[The records — start]

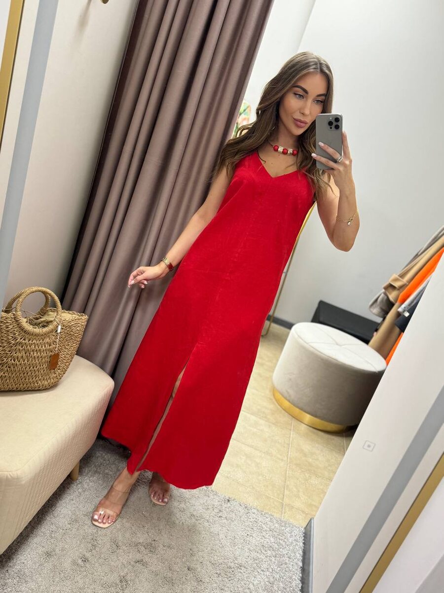 Платье из 💯% льна ! Невероятный алый оттенок смотрится очень эффектно 💔 Размеры :42,44,46,48
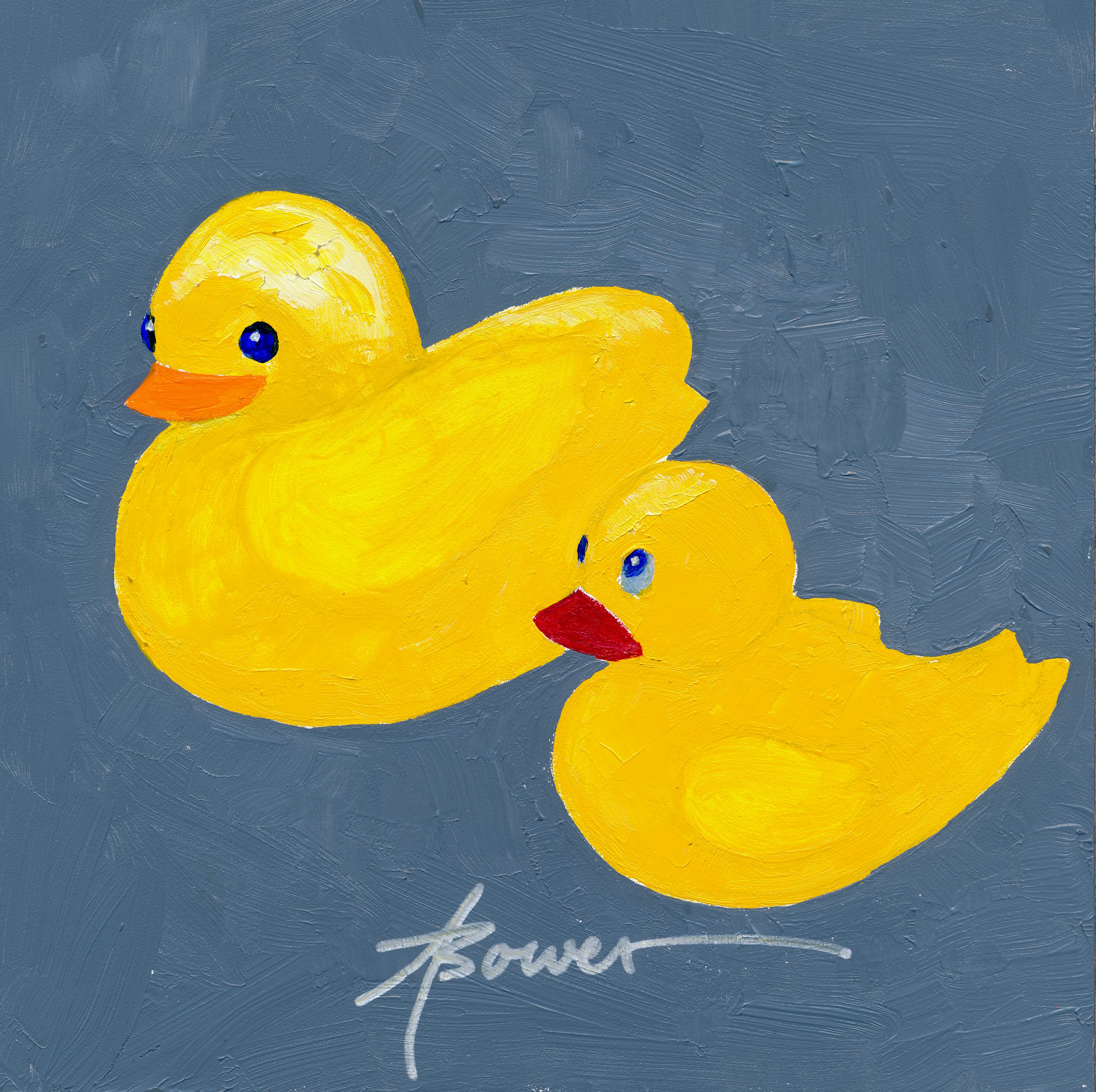 These two rubber duckies spend their days on the side of the bathtub in our hall bath…except when a cat comes in and knocks them into the tub then stares at them. The cats seem to think they should be IN the bathtub, not on the edge.
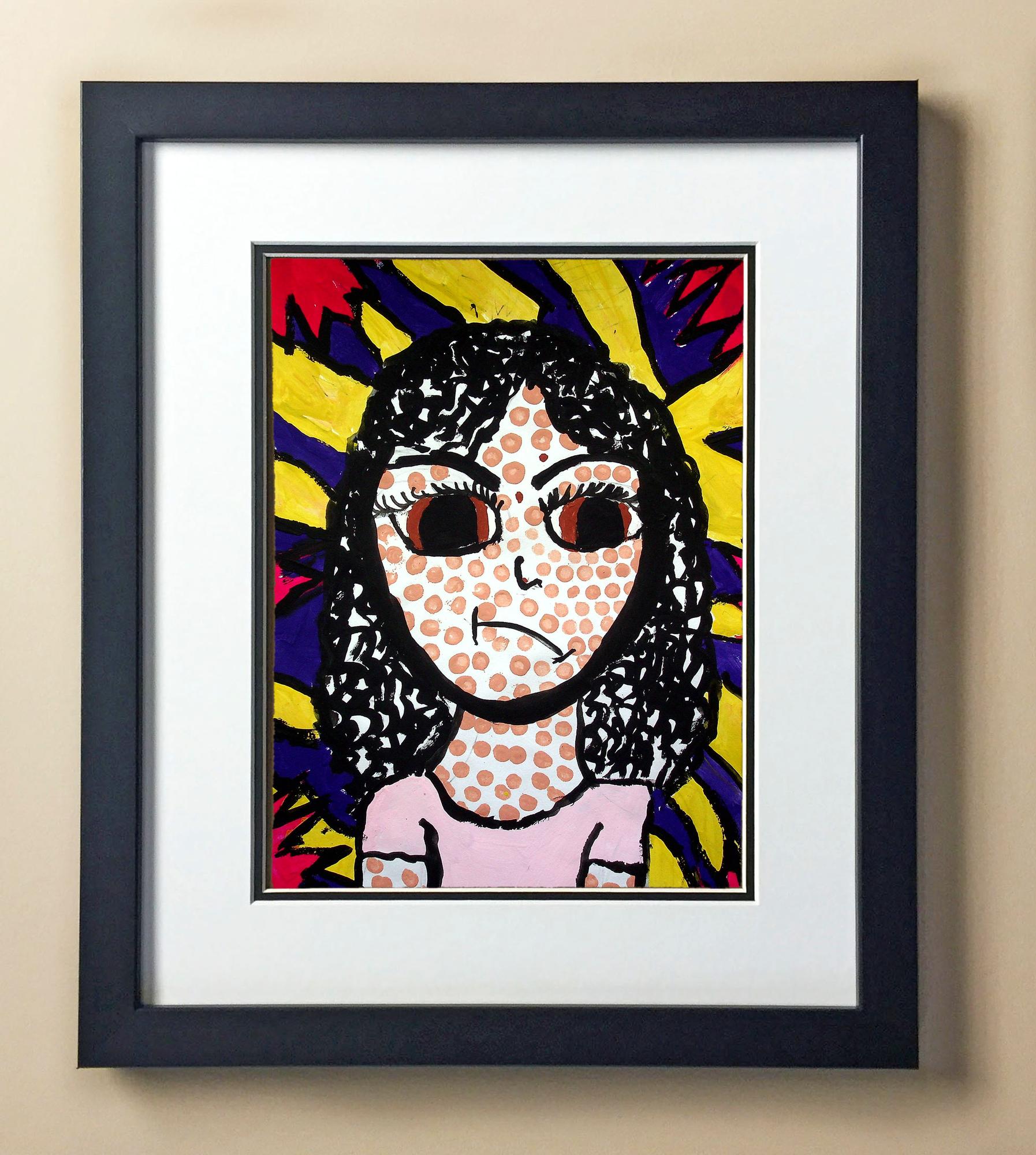 Included with the purchase is the Students Artwork, Frame, double matboard, shatter proof plexiglass, and a ready to hang backerboard with turnbuttons
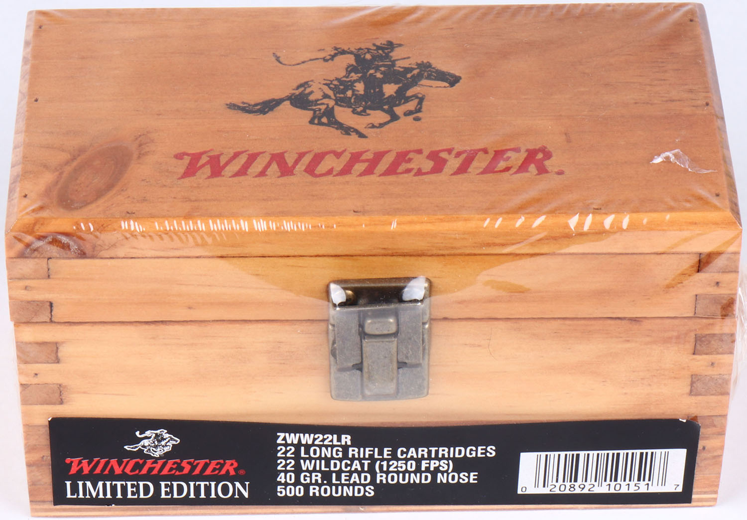 Winchester, Limited Edition Latching Wood Box, 22 Wildcat, .22 Long Rifle, High Velocity, FULL & SEALED 500rds. brick, wood box is MINT, labels are mint. Grade: MINT - Value: 40 to 80
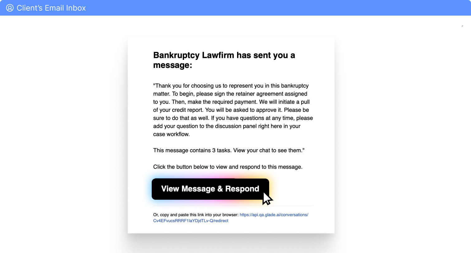 When you set up a workflow in Glade, our AI agent automatically generates a tailored document checklist based on the case type and requirements. This ensures every necessary document is accounted for from the start. These document checklists can be customized, so you may skip documents you do not require, or add new requests as needed.Automated Client Communication:
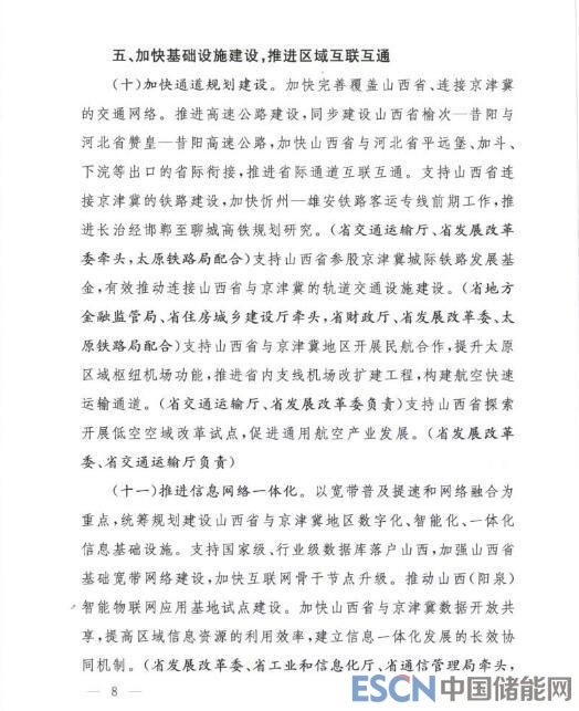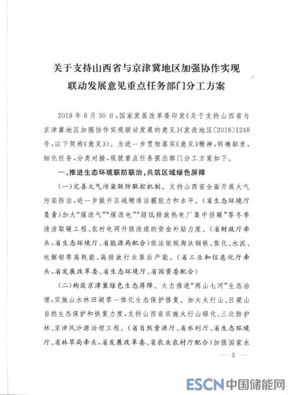 中國(guó)儲(chǔ)能網(wǎng)訊:今日山西省印發(fā)《關(guān)于支持山西省與京津冀地區(qū)加強(qiáng)協(xié)作實(shí)現(xiàn)聯(lián)動(dòng)發(fā)展意見(jiàn)重點(diǎn)任務(wù)部門(mén)分工方案的通知》。2018年8月30日,國(guó)家發(fā)改委印發(fā)《關(guān)于支持山西省與京津冀地區(qū)加強(qiáng)協(xié)作實(shí)現(xiàn)聯(lián)動(dòng)發(fā)展的意見(jiàn)》,為了落實(shí)發(fā)改委意見(jiàn)精神,明確職責(zé)、細(xì)化任務(wù),山西省計(jì)劃在“生態(tài)”、“能源”、“科技創(chuàng)新”、“醫(yī)療教育”等多個(gè)領(lǐng)域加強(qiáng)與京津冀協(xié)同合作,促進(jìn)雙方共同發(fā)展。
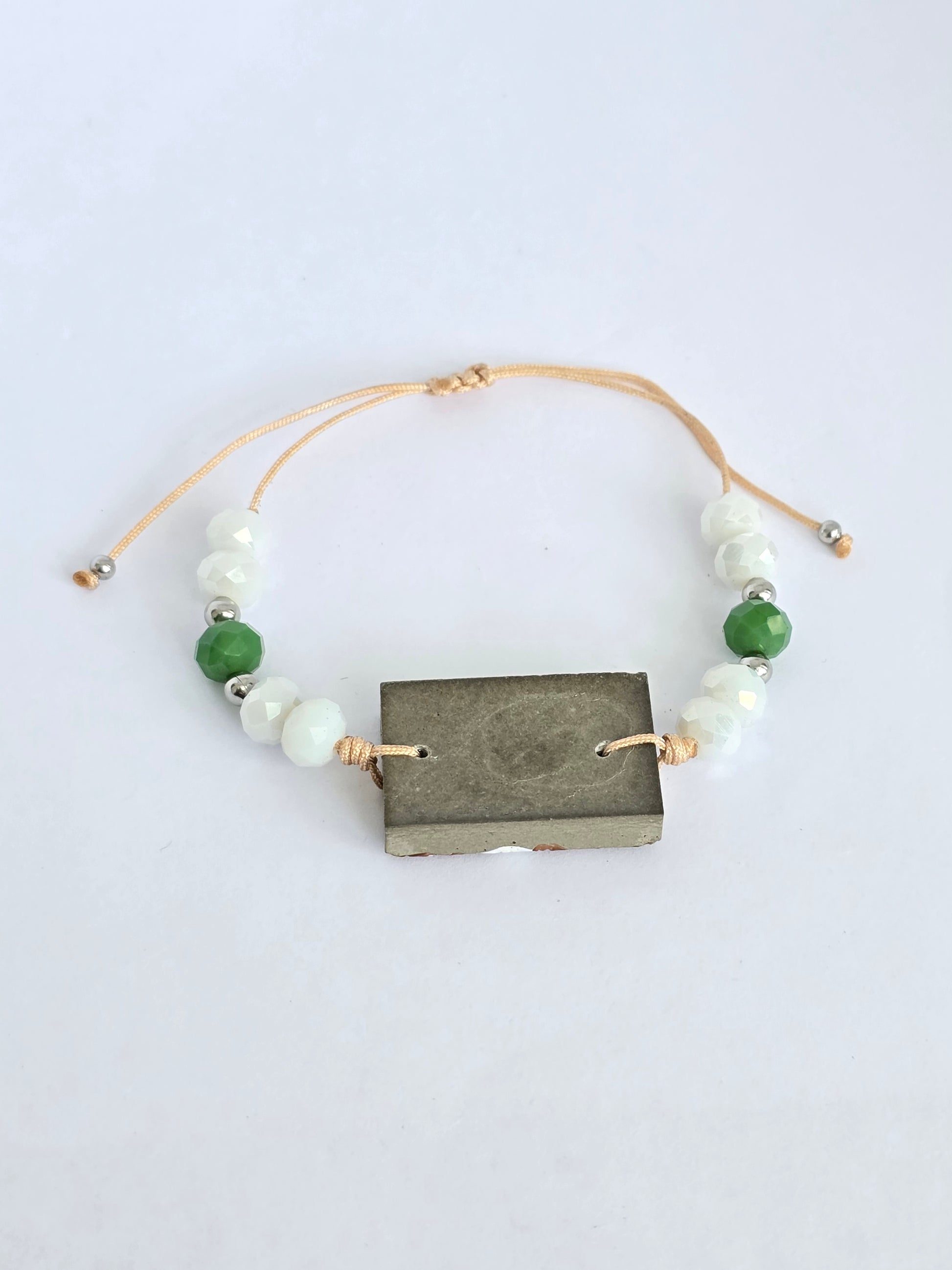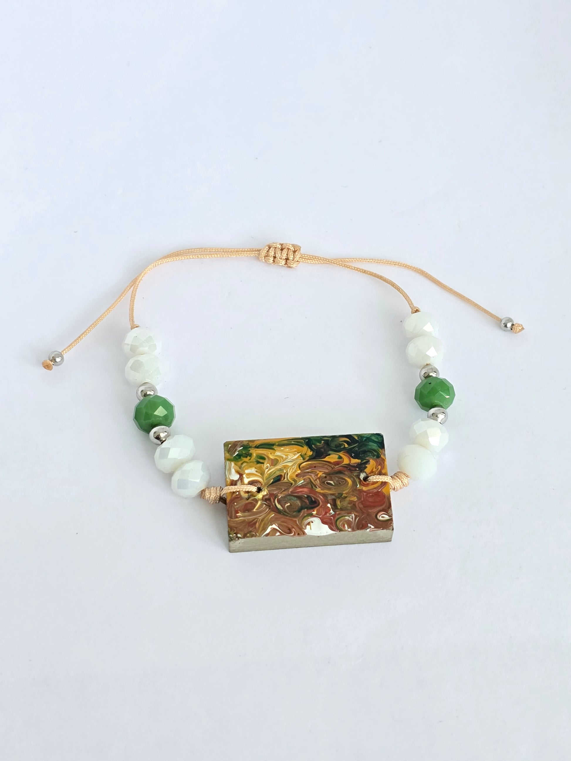 Pulsera ajustable en hilo color crema, suave y versátil, adornada con cristales rondeles que aportan brillo delicado. Al centro, un conector rectangular en cemento, pintado a mano con una mezcla de colores vibrantes que se fusionan como una pequeña obra de arte única e irrepetible.
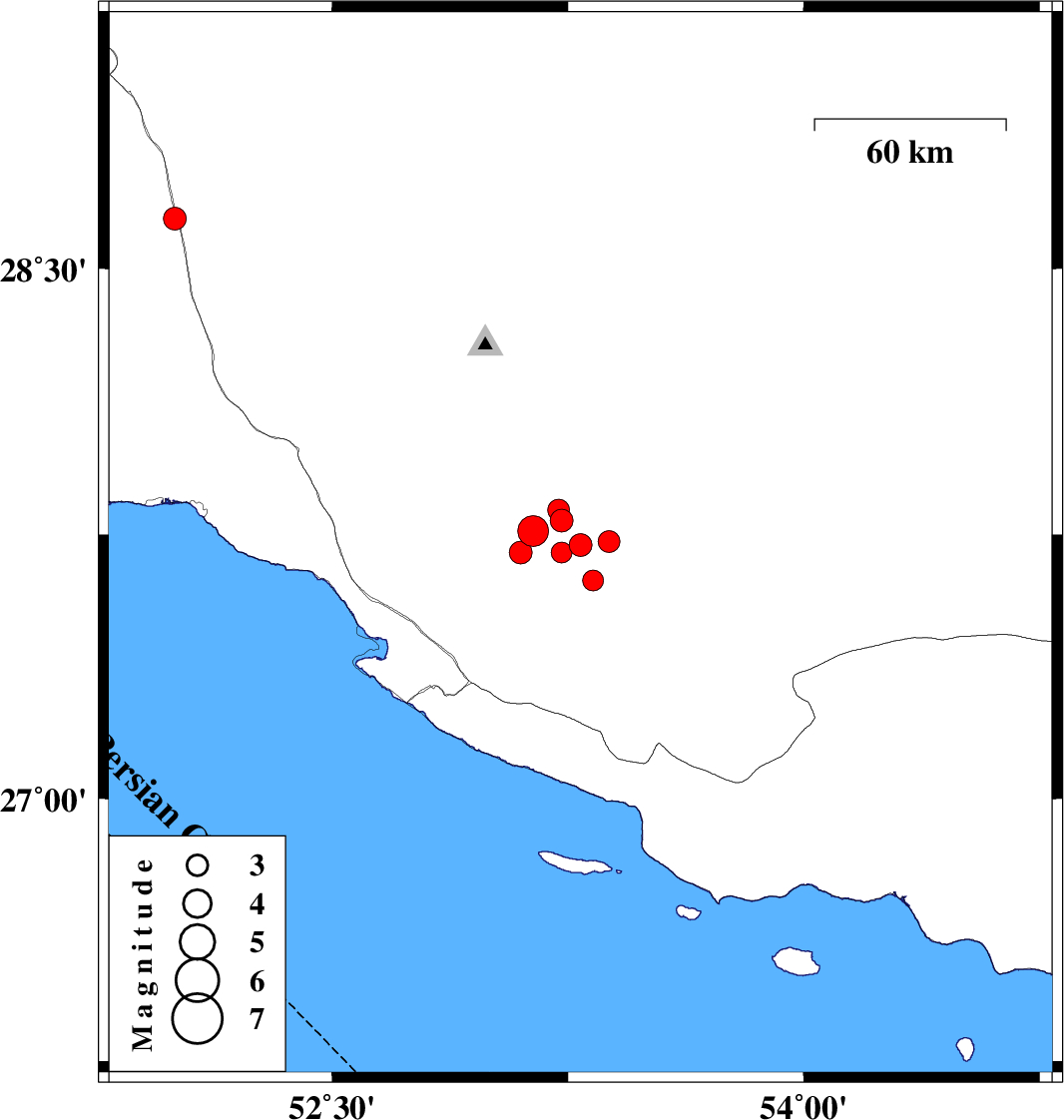 | 2020/09/08 | 01:34:19.1 | 06:04:19.1 | 27.76 | 53.14 | 10 | ML:4.4 | Fars Province, 48 km North of Lamerd | ||
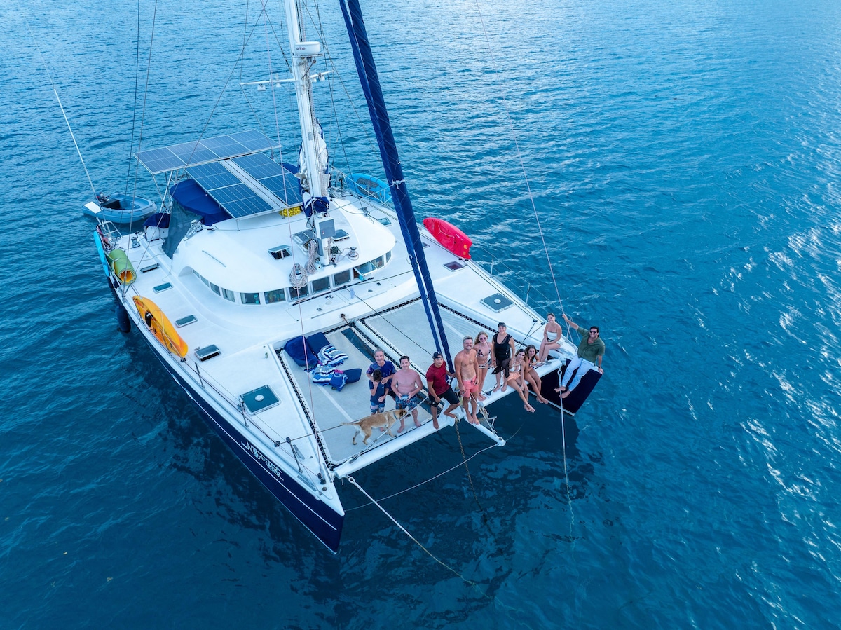 Ponovo se povežite s prirodom na ovim mirnim otocima u ovom inkluzivnom nezaboravnom smještaju. Opustite se dok vam mi uživamo u odličnoj hrani i pogledima koji oduzimaju dah. Isplanirajte personalizovano krstarenje oko vas. Ovaj katamaran je ekskluzivan za vašu zabavu s uključenim kapetanom i kuharom. Dođite se igrati na bijelim pješčanim plažama, roniti s prekrasnim koraljnim grebenom i otkrijte blistavu raznolikost morskog života tokom ovog životnog putovanja. Jedrite, ronite, plivajte, jedite, pijte i opustite se. Dođite se igrati!
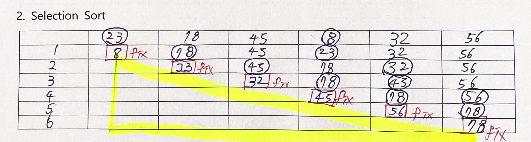 총 6번의 과정을 진행하며 매 과정에서 정렬되지 않은 원소 부분에서 최솟값을 선택해 맨 앞에 있는 원소와 교환하는 것을 반복하는 것을 확인할 수 있고, 최종적으로 fix된 데이터들을 형광펜으로 이어보면 삼각형 모양이 나타남을 확인할 수 있다.

[The records — finish]

- Work request
Reproduce all entries above exactly, minus the images.

- Solution to this task
 Платье из 💯% льна ! Невероятный алый оттенок смотрится очень эффектно 💔 Размеры :42,44,46,48
 These two rubber duckies spend their days on the side of the bathtub in our hall bath…except when a cat comes in and knocks them into the tub then stares at them. The cats seem to think they should be IN the bathtub, not on the edge.
 Included with the purchase is the Students Artwork, Frame, double matboard, shatter proof plexiglass, and a ready to hang backerboard with turnbuttons
 Winchester, Limited Edition Latching Wood Box, 22 Wildcat, .22 Long Rifle, High Velocity, FULL & SEALED 500rds. brick, wood box is MINT, labels are mint. Grade: MINT - Value: 40 to 80
 When you set up a workflow in Glade, our AI agent automatically generates a tailored document checklist based on the case type and requirements. This ensures every necessary document is accounted for from the start. These document checklists can be customized, so you may skip documents you do not require, or add new requests as needed.Automated Client Communication:
 中國(guó)儲(chǔ)能網(wǎng)訊:今日山西省印發(fā)《關(guān)于支持山西省與京津冀地區(qū)加強(qiáng)協(xié)作實(shí)現(xiàn)聯(lián)動(dòng)發(fā)展意見(jiàn)重點(diǎn)任務(wù)部門(mén)分工方案的通知》。2018年8月30日,國(guó)家發(fā)改委印發(fā)《關(guān)于支持山西省與京津冀地區(qū)加強(qiáng)協(xié)作實(shí)現(xiàn)聯(lián)動(dòng)發(fā)展的意見(jiàn)》,為了落實(shí)發(fā)改委意見(jiàn)精神,明確職責(zé)、細(xì)化任務(wù),山西省計(jì)劃在“生態(tài)”、“能源”、“科技創(chuàng)新”、“醫(yī)療教育”等多個(gè)領(lǐng)域加強(qiáng)與京津冀協(xié)同合作,促進(jìn)雙方共同發(fā)展。
 Pulsera ajustable en hilo color crema, suave y versátil, adornada con cristales rondeles que aportan brillo delicado. Al centro, un conector rectangular en cemento, pintado a mano con una mezcla de colores vibrantes que se fusionan como una pequeña obra de arte única e irrepetible.
 | 2020/09/08 | 01:34:19.1 | 06:04:19.1 | 27.76 | 53.14 | 10 | ML:4.4 | Fars Province, 48 km North of Lamerd | ||
 Ponovo se povežite s prirodom na ovim mirnim otocima u ovom inkluzivnom nezaboravnom smještaju. Opustite se dok vam mi uživamo u odličnoj hrani i pogledima koji oduzimaju dah. Isplanirajte personalizovano krstarenje oko vas. Ovaj katamaran je ekskluzivan za vašu zabavu s uključenim kapetanom i kuharom. Dođite se igrati na bijelim pješčanim plažama, roniti s prekrasnim koraljnim grebenom i otkrijte blistavu raznolikost morskog života tokom ovog životnog putovanja. Jedrite, ronite, plivajte, jedite, pijte i opustite se. Dođite se igrati!
 총 6번의 과정을 진행하며 매 과정에서 정렬되지 않은 원소 부분에서 최솟값을 선택해 맨 앞에 있는 원소와 교환하는 것을 반복하는 것을 확인할 수 있고, 최종적으로 fix된 데이터들을 형광펜으로 이어보면 삼각형 모양이 나타남을 확인할 수 있다.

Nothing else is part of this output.